**What is expected**
The lines below, from the one containing "- Designové betonové" through the one containing "18 Karat E-Shisha", should be set down exactly, with no pictures and nothing else.

**Provided records**
-=-=-=-=-

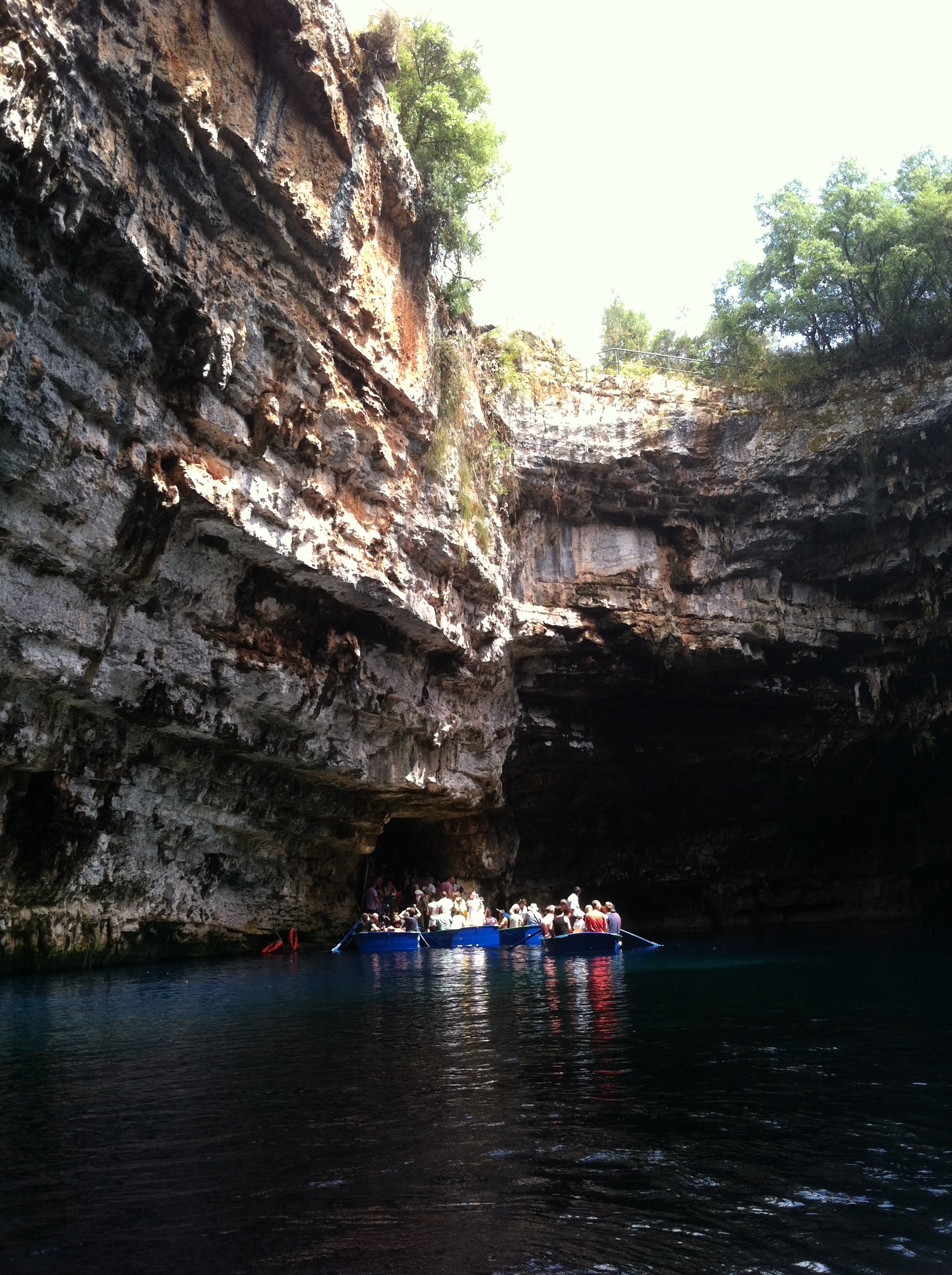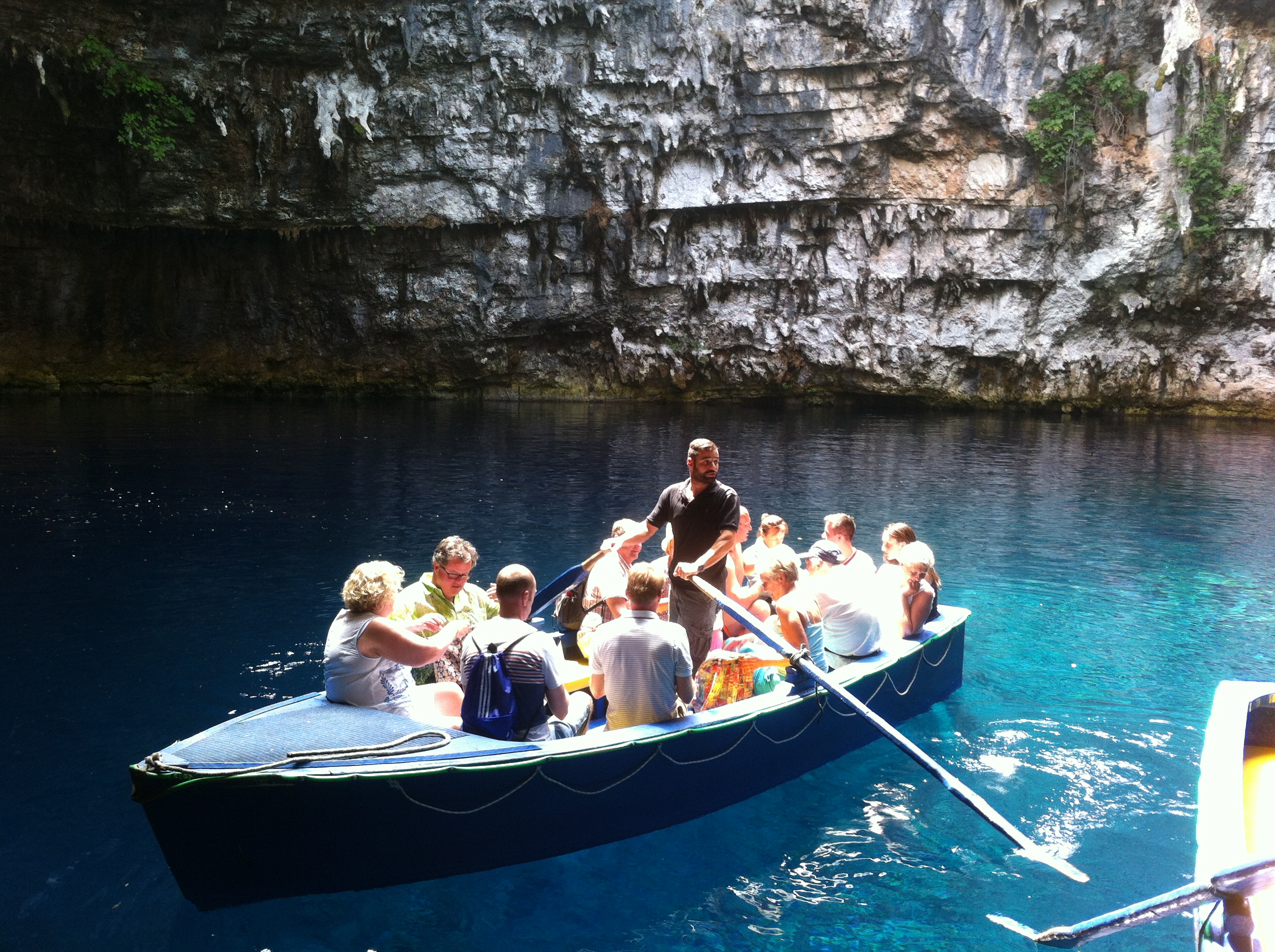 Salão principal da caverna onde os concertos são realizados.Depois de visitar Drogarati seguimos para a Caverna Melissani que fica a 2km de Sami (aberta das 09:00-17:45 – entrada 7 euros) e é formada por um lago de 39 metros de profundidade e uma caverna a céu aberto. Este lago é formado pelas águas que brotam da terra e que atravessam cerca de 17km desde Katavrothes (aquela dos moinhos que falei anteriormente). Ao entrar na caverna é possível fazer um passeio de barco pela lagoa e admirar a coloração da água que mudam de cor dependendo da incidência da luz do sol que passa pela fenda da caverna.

-=-=-=-=-

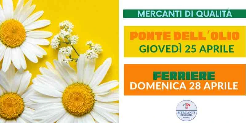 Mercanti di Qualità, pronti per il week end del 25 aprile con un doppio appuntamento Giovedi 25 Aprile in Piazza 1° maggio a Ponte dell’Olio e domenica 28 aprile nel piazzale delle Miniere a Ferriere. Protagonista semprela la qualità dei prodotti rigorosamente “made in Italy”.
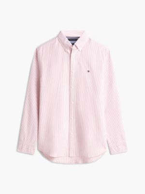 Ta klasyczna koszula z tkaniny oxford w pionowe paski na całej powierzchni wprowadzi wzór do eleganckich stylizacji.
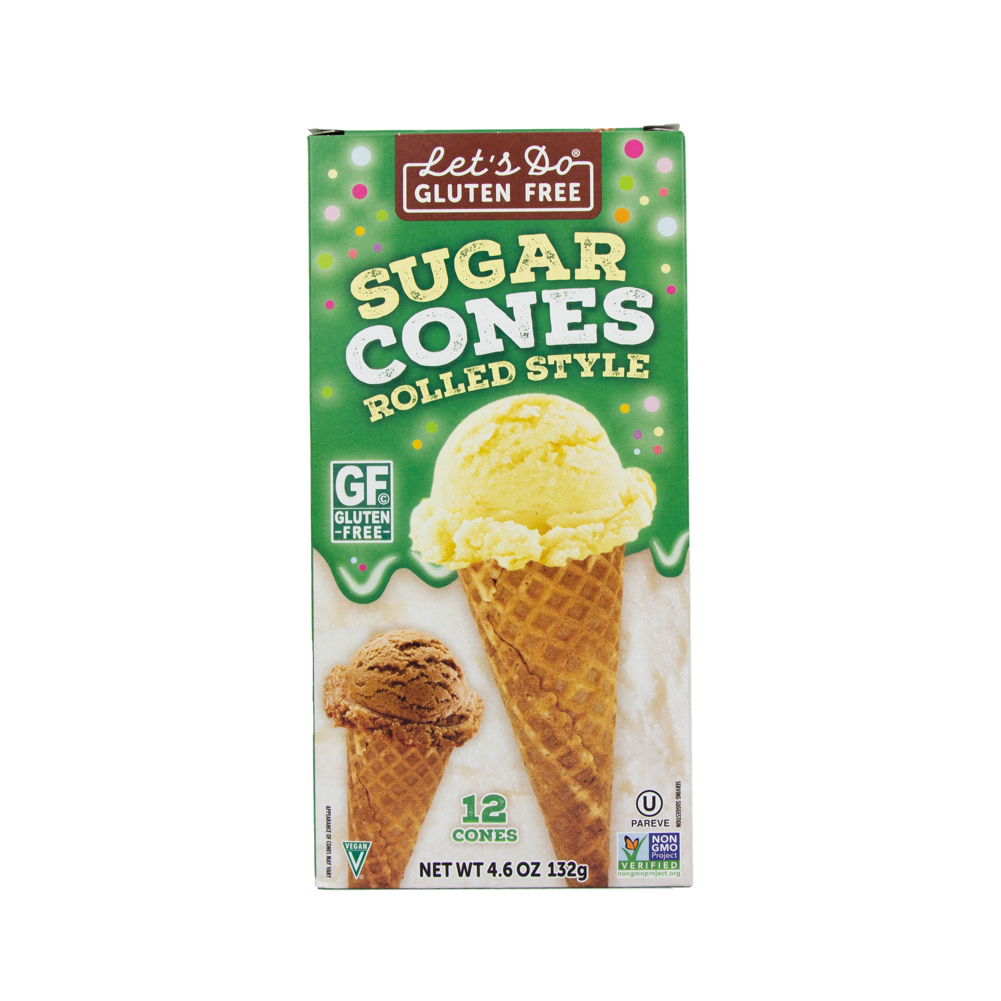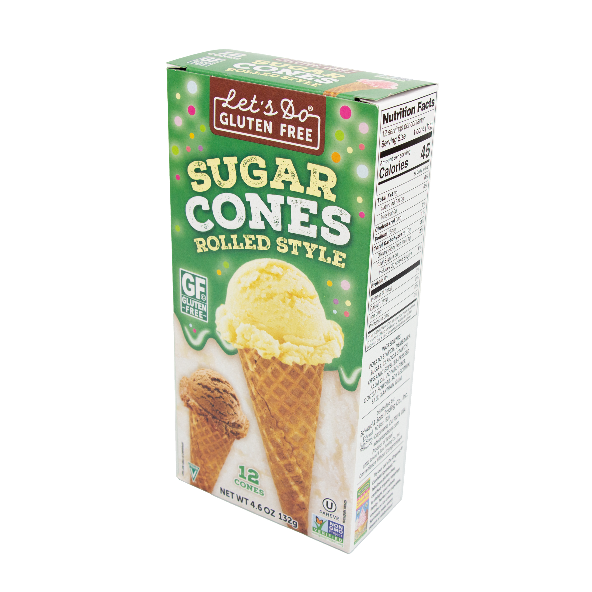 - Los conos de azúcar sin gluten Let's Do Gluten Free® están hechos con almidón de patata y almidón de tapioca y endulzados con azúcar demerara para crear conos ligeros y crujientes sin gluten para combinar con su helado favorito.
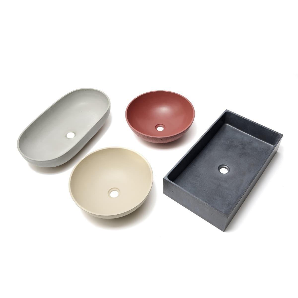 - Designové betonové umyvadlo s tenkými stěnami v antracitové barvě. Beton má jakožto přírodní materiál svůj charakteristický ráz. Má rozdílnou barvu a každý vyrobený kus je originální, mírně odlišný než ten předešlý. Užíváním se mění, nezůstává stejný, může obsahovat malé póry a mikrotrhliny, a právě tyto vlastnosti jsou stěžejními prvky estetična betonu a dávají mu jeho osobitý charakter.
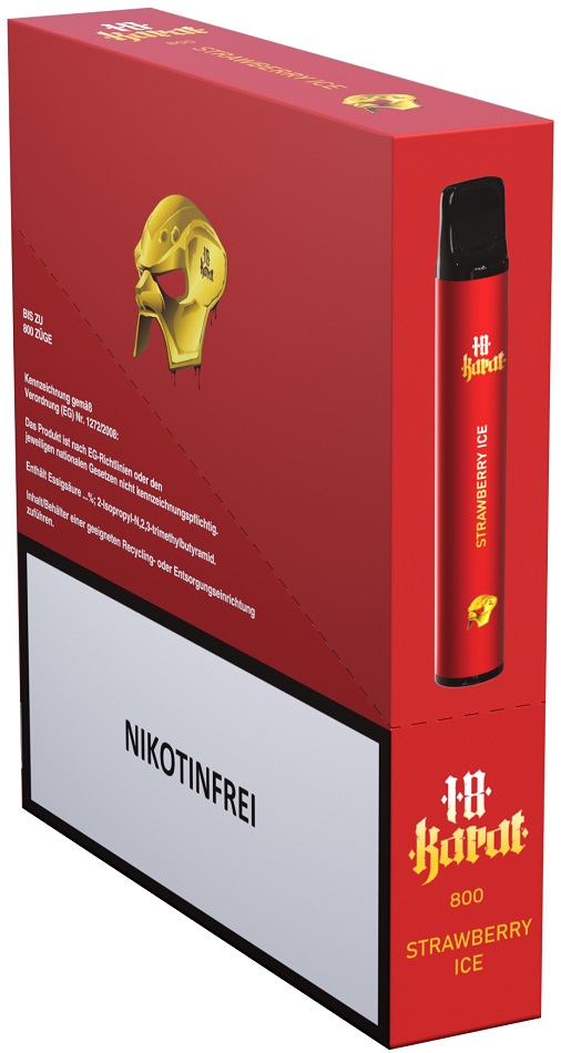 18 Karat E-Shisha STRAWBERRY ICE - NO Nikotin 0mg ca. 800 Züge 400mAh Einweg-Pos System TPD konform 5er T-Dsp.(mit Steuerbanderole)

-=-=-=-=-

**Result below**
 - Designové betonové umyvadlo s tenkými stěnami v antracitové barvě. Beton má jakožto přírodní materiál svůj charakteristický ráz. Má rozdílnou barvu a každý vyrobený kus je originální, mírně odlišný než ten předešlý. Užíváním se mění, nezůstává stejný, může obsahovat malé póry a mikrotrhliny, a právě tyto vlastnosti jsou stěžejními prvky estetična betonu a dávají mu jeho osobitý charakter.
 18 Karat E-Shisha STRAWBERRY ICE - NO Nikotin 0mg ca. 800 Züge 400mAh Einweg-Pos System TPD konform 5er T-Dsp.(mit Steuerbanderole)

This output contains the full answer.